3) "user hp1 on nopass &* -@all (%R~sales* &* -@all)"

After this change

127.0.0.1:6379> acl list
1) "user default on nopass ~* &* +@all"
127.0.0.1:6379> acl setuser hp on nopass +@all ~*
OK
127.0.0.1:6379> acl list
1) "user default on nopass ~* &* +@all"
2) "user hp on nopass ~* resetchannels +@all"
127.0.0.1:6379> acl setuser hp1 on nopass -@all (%R~sales*)
OK
127.0.0.1:6379> acl list
1) "user default on nopass ~* &* +@all"
2) "user hp on nopass ~* resetchannels +@all"
3) "user hp1 on nopass resetchannels -@all (%R~sales* resetchannels -@all)"

[oranagra]

@hpatro isn't that a serious breaking change?
if we didn't want to do that in 6.2, why would we want to do it in 7.0?
just because it's a major version and we're allowed more breakage?
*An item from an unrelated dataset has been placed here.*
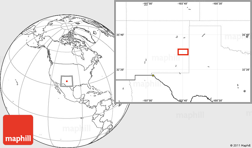Maphill is a collection of map images. This image combines a blank map with the globe centered on the area around 34° 0' 57" N, 103° 37' 30" W. Use the buttons under the image to switch to different map types.
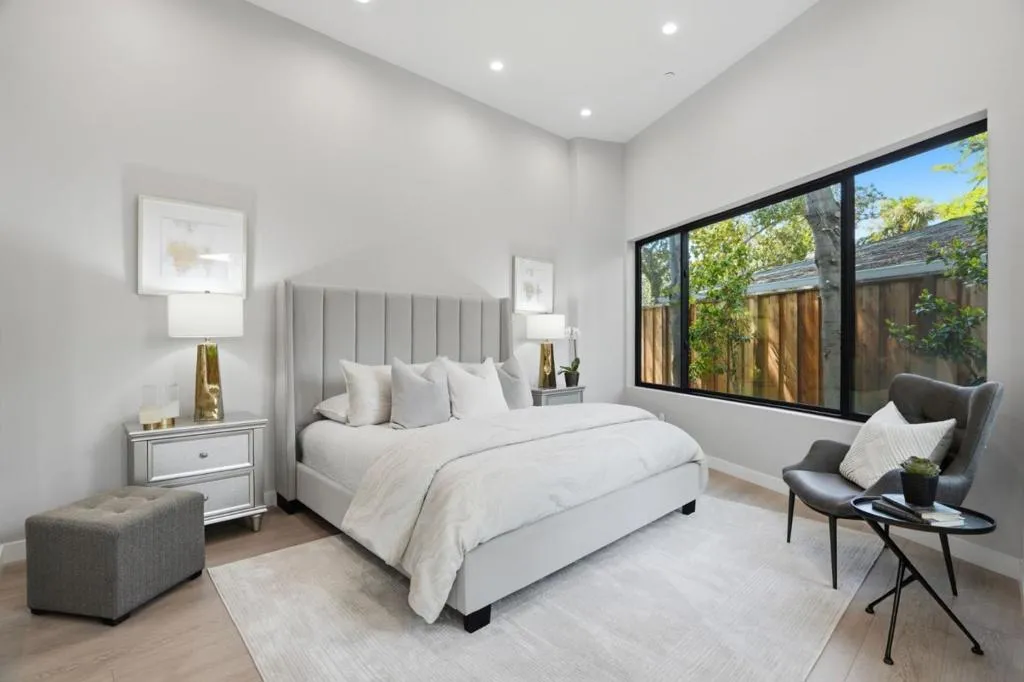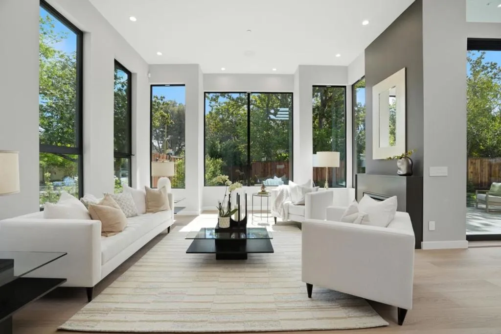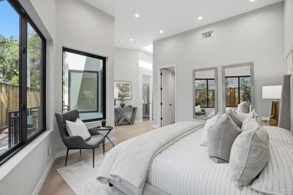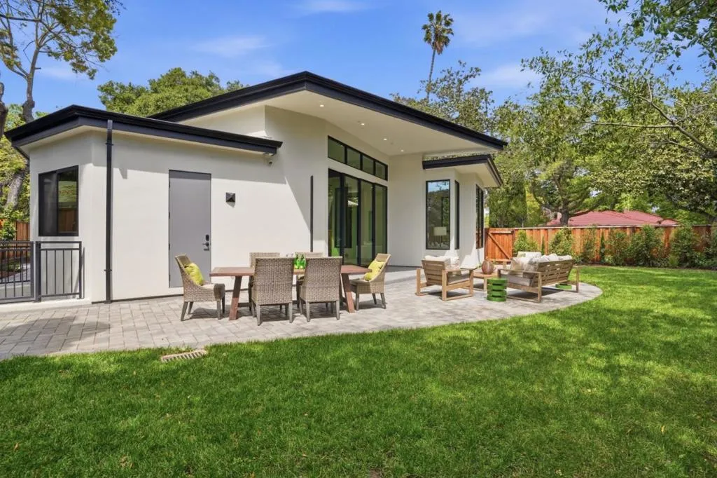 New construction on 9100 sq.ft. lot in prestigious Crescent Park neighborhood in Palo Alto, moments away from Stanford & Downtown. 6 beds, 5full & 2half baths expanding 5213 sq.ft of flexible & modern. Great Room with retractable stacking glass doors opening to spacious patio & backyard. Open main kitchen features huge center waterfall island with seating and perimeter cabinetry and concealed vent hood. All Miele appliances including induction cooktop, steam/convection oven, microwave, dishwasher, espresso center, side-by-side full-height wine cooler, refrigerator & freezer. Second kitchen with all Miele appliances & walk-in pantry. Primary bedroom suite features organized walk-in closet , en suite skylit bath with freestanding tub, dual-sink vanity, curbless skylit shower, heated towel bar, private automated commode room. Lower-level recreation room has cedar sauna, entertainment bar counter seating, dishwasher, refrigerator, built-in bottle/glass washer. Custom wine cellar with back-lit metal racking. Theater with sound walls, tiered seating & wiring for projector/screen. Other features: insulated floor & ceiling; laundry room with Miele washer/dryer, fully-owned solar; mud room (convertible as 2nd laundry), attached garage with EV outlet; dual-zone heating & air conditioning

maybe we can find the middle ground for different default in selectors vs the root selector?
@redis/core-team PTAL

[hpatro]

@hpatro isn't that a serious breaking change? if we didn't want to do that in 6.2, why would we want to do it in 7.0? just because it's a major version and we're allowed more breakage?

maybe we can find the middle ground for different default in selectors vs the root selector? @redis/core-team PTAL

@oranagra I agree this is a breaking change. I believe it's good to talk about it before the major release and come to a decision.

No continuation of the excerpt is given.